On the other hand, the voice signal classified as a normal voice by the classification unit101 is amplified by the amplifier1903 and then output as audio from the mask, that is, the speaker1902 attached to the wearable interface1900. Since the mouth of the user is covered by wearing the mask-type wearable interface1900, it is difficult to hear a normal voice, but attenuation of the voice by the mask can be compensated by amplifying the voice with the speaker1902.
According to the mask-type wearable interface1900, it is possible to achieve an effect substantially equivalent to a silent utterance by capturing a whisper with a microphone in a mask. That is, by introducing the voice input system100 according to the present disclosure into a mask that is always worn, it is possible to construct an audio interface that is always available without disturbing normal conversation.
Furthermore, according to the mask-type wearable interface1900, there is a possibility of using three modalities of silent speech, normal voice, and whispering. For example, if lip reading or whispering can be recognized, three types of utterance modalities can be obtained together with normal utterance.
G. Comparison with Prior Art
In this Section G, comparison results between the prior art searched by the present applicant and the present disclosure and advantages of the present disclosure will be described.
Non-Patent Document 9 discloses “speech shift” that specifies a mode of voice input by intentionally controlling a voice pitch. In the speech shift, when the fundamental frequency (F0) of an utterance exceeds a specified threshold value, it is determined as another mode. In the speech shift, the user needs to speak at an unnaturally high pitch to stably recognize two voice input modes.
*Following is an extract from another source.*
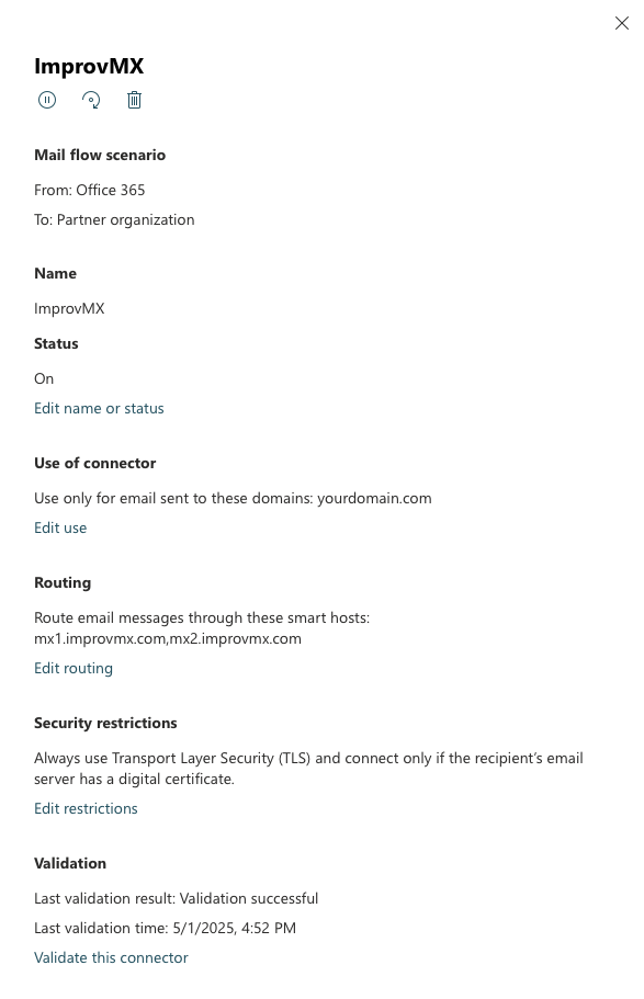 - Action: Configure a connector in Microsoft 365 to route emails for unknown recipients to ImprovMX.

In the first place, it is difficult for the user to understand the frequency to use the pitch properly. On the other hand, according to the present disclosure, switching between a whisper and a normal utterance is more natural, and can be performed more clearly without setting a (user unknown) threshold.
Non-Patent Document 10 discloses a method for automatically detecting a buried (uttered) pause, which is one of hesitation phenomena of an utterance of a voice command, and suggesting a candidate that can fill the command. According to this method, for example, when the user says “play, Beeee . . . ” and then stops saying, the system can detect “eeee” as a pause filled with hesitation voice and suggest a filled candidate such as “Beatles” or “Beach”. However, this method shows the possibility of indicating a nonverbal intent in speech, but only uses hesitation and cannot use arbitrary commands as in the present disclosure. Moreover, performing a pause uttered in this method is possible only after the vowel in the utterance, not after the consonants.
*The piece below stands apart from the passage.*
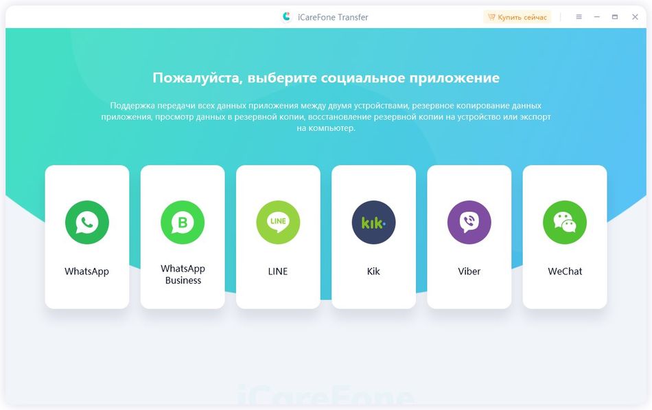 Работа с Tenorshare iCareFone WhatsApp Transfer

In a technique called “PrivateTalk” disclosed in Non Patent Literature 11, a hand partially covering a mouth from one side is used to activate a voice command. The main purpose of PrivateTalk is to protect privacy, but PrivateTalk can also be used to distinguish between a normal utterance (without covering by hand) and a command (covering by hand). However, since explicit hand gestures are required, PrivateTalk differs from the present disclosure in that PrivateTalk is no longer a “hands-free” interaction. Moreover, two microphones (connected to left and right earphones) are required for PrivateTalk to recognize the effect of the hand cover. On the other hand, in the present disclosure, only one standard microphone is sufficient. Furthermore, according to the present disclosure, privacy can be protected in a natural and effective manner of covering the mouth and speaking in a whisper.
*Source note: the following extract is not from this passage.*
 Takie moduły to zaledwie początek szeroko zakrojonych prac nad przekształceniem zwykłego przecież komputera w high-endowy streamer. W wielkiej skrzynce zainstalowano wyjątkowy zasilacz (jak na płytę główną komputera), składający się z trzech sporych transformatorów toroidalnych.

In a technique called “DualBreath” disclosed in Non Patent Literature 12, breathing is used as a command to distinguish whether air is inhaled or exhaled simultaneously from the nose and the mouth, thereby distinguishing it from normal exhalation. DualBreath can represent a trigger of only pressing a button, but not as rich a command as a whisper as the present disclosure.
“ProxiMic” disclosed in Non Patent Literature 13 is a sensing technology for detecting an utterance of the user with a microphone device arranged near the mouth, and is intended to be used as an utterance of “wake-up-free” such as “Raise-to-Speak” in a smart speaker or a similar voice control device. However, ProxiMic requires a physical movement such as moving the microphone near the mouth, and thus it is not easy to mix a normal utterance and an utterance near the mouth.
Non-Patent Document 14 discloses a technology called “SilentVoice” in which a voice can be input using “ingressive speech” that is uttered while being inhaled. SilentVoice is mainly designed for silent utterances, but can also distinguish between a normal utterance and an intruding sound. However, a special microphone needs to be placed close to the mouth, and training is required for the user to correctly speak in the inhalation mode. Moreover, it is difficult for a person to frequently switch between a normal utterance and an inhalation utterance.
In some voice input systems, such as Cloud Speech-to-Text provided by Google Inc. as a cloud service, “. (punctuation)” can be input by uttering “period”. However, in order to distinguish this utterance from a “period” in a sentence, it is necessary to leave a certain pause before and after the utterance, and the overall input speed decreases.
There are some studies on the recognition of whispering, but none have been considered for the use of a mixture of normal voice and whispering.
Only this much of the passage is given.